Your assignment: Give back, unchanged, each line from the one containing "His material vocabulary" through the last line of the entries below.

Given data:
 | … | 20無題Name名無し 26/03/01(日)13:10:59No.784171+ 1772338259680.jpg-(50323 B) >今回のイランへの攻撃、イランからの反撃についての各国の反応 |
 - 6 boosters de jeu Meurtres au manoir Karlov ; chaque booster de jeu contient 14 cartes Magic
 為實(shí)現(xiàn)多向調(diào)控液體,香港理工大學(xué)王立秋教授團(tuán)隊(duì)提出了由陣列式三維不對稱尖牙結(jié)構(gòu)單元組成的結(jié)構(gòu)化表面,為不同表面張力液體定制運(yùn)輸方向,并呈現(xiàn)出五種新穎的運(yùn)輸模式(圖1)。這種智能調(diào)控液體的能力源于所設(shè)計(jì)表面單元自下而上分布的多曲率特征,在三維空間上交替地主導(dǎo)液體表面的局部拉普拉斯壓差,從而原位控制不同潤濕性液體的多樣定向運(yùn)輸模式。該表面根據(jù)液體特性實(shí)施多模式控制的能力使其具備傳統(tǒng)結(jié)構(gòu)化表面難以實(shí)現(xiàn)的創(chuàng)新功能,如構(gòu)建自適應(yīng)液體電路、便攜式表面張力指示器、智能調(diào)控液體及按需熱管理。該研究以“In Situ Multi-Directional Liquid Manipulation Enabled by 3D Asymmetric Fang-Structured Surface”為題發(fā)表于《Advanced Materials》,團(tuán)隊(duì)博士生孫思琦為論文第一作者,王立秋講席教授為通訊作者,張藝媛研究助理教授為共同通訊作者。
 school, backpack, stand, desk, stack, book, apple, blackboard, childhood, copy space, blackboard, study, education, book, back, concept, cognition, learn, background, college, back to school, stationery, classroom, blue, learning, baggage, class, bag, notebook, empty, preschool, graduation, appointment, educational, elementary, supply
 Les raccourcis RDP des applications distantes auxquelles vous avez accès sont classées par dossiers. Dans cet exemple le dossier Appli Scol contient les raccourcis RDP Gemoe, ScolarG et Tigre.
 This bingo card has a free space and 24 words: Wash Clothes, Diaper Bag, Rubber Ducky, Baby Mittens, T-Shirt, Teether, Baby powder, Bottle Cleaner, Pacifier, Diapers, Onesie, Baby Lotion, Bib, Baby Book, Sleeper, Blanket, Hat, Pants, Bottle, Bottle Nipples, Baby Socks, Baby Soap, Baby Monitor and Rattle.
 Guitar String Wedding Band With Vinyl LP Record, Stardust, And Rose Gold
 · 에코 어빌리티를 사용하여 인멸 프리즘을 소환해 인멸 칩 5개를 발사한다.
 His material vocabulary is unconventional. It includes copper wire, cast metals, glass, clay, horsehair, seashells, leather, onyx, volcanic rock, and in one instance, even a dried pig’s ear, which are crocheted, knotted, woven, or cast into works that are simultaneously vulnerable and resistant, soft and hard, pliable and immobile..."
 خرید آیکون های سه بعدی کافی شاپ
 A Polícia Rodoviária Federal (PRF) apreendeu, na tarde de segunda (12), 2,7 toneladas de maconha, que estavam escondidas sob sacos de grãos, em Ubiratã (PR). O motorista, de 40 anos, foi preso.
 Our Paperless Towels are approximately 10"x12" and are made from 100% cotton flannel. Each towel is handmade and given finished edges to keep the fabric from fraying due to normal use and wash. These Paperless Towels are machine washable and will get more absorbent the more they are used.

Reply:
 His material vocabulary is unconventional. It includes copper wire, cast metals, glass, clay, horsehair, seashells, leather, onyx, volcanic rock, and in one instance, even a dried pig’s ear, which are crocheted, knotted, woven, or cast into works that are simultaneously vulnerable and resistant, soft and hard, pliable and immobile..."
 خرید آیکون های سه بعدی کافی شاپ
 A Polícia Rodoviária Federal (PRF) apreendeu, na tarde de segunda (12), 2,7 toneladas de maconha, que estavam escondidas sob sacos de grãos, em Ubiratã (PR). O motorista, de 40 anos, foi preso.
 Our Paperless Towels are approximately 10"x12" and are made from 100% cotton flannel. Each towel is handmade and given finished edges to keep the fabric from fraying due to normal use and wash. These Paperless Towels are machine washable and will get more absorbent the more they are used.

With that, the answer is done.